Task:
Look below for the line containing "Gehäuse aus ABS.". Write out that line and the rest through the last one, exactly as they appear, but without pictures.

Material provided:
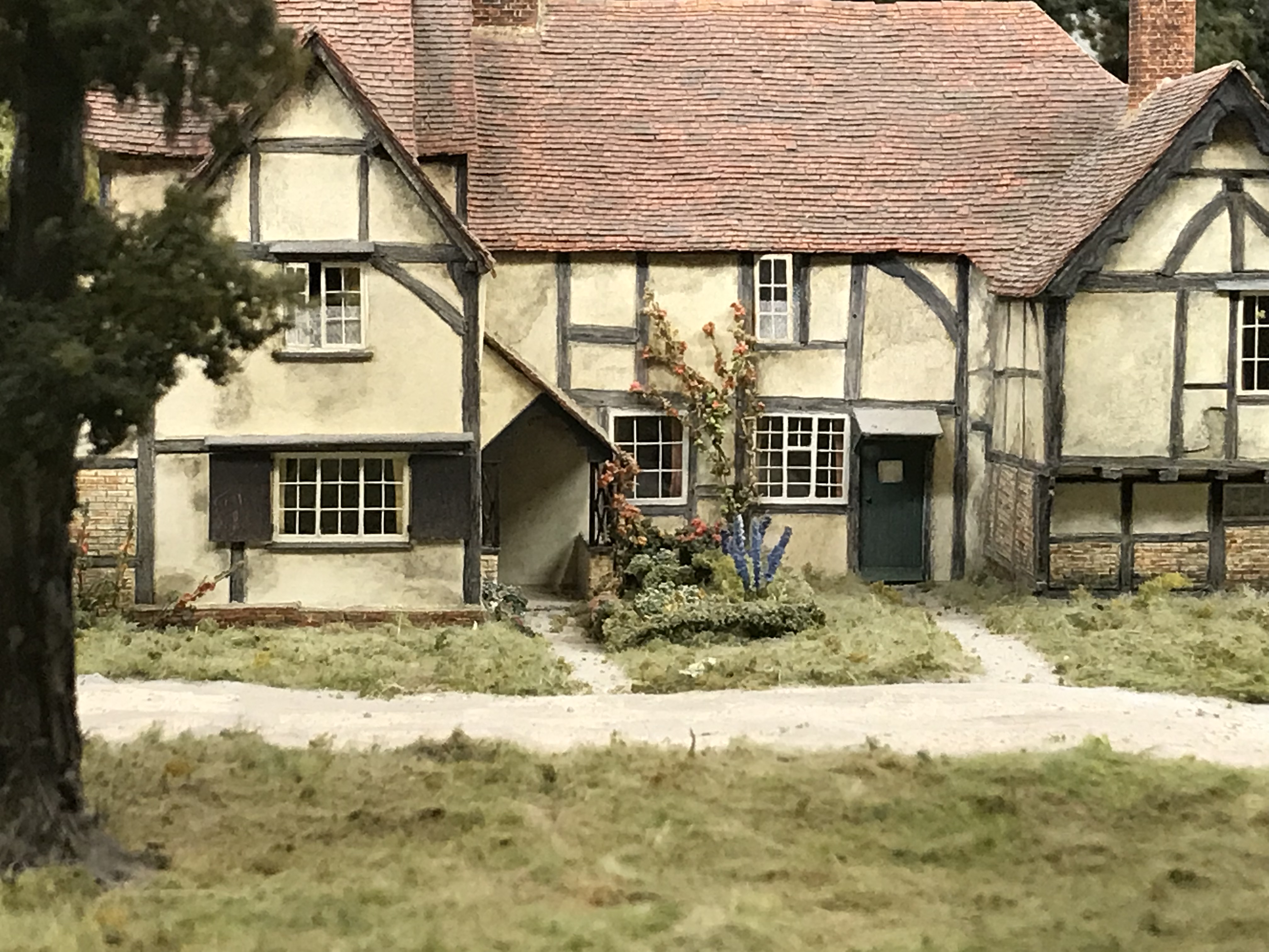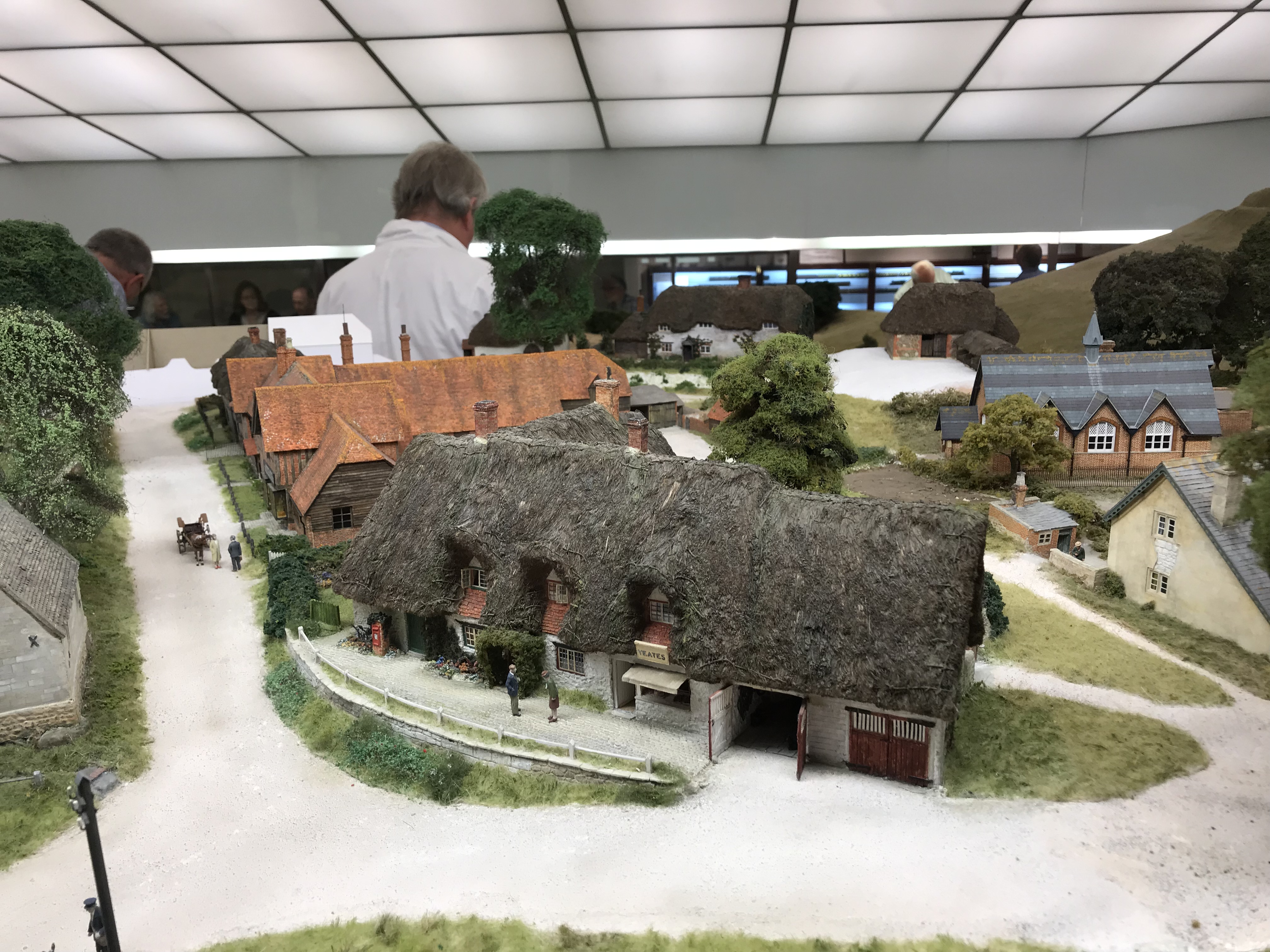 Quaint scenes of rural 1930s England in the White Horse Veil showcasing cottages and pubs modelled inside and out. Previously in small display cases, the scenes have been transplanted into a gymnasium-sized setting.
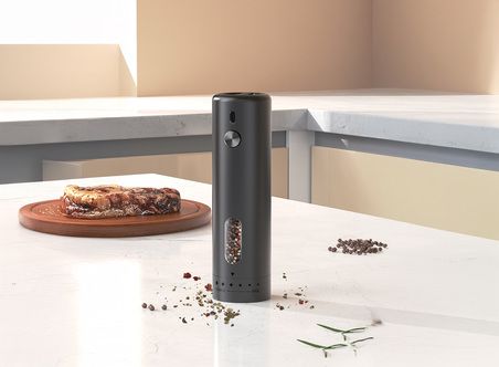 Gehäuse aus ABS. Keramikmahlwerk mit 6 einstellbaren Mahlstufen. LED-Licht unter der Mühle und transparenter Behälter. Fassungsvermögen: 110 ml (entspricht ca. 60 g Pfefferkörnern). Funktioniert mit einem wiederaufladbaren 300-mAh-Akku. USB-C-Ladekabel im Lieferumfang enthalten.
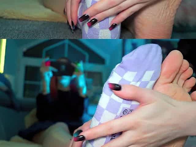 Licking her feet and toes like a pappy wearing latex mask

Reply:
 Gehäuse aus ABS. Keramikmahlwerk mit 6 einstellbaren Mahlstufen. LED-Licht unter der Mühle und transparenter Behälter. Fassungsvermögen: 110 ml (entspricht ca. 60 g Pfefferkörnern). Funktioniert mit einem wiederaufladbaren 300-mAh-Akku. USB-C-Ladekabel im Lieferumfang enthalten.
 Licking her feet and toes like a pappy wearing latex mask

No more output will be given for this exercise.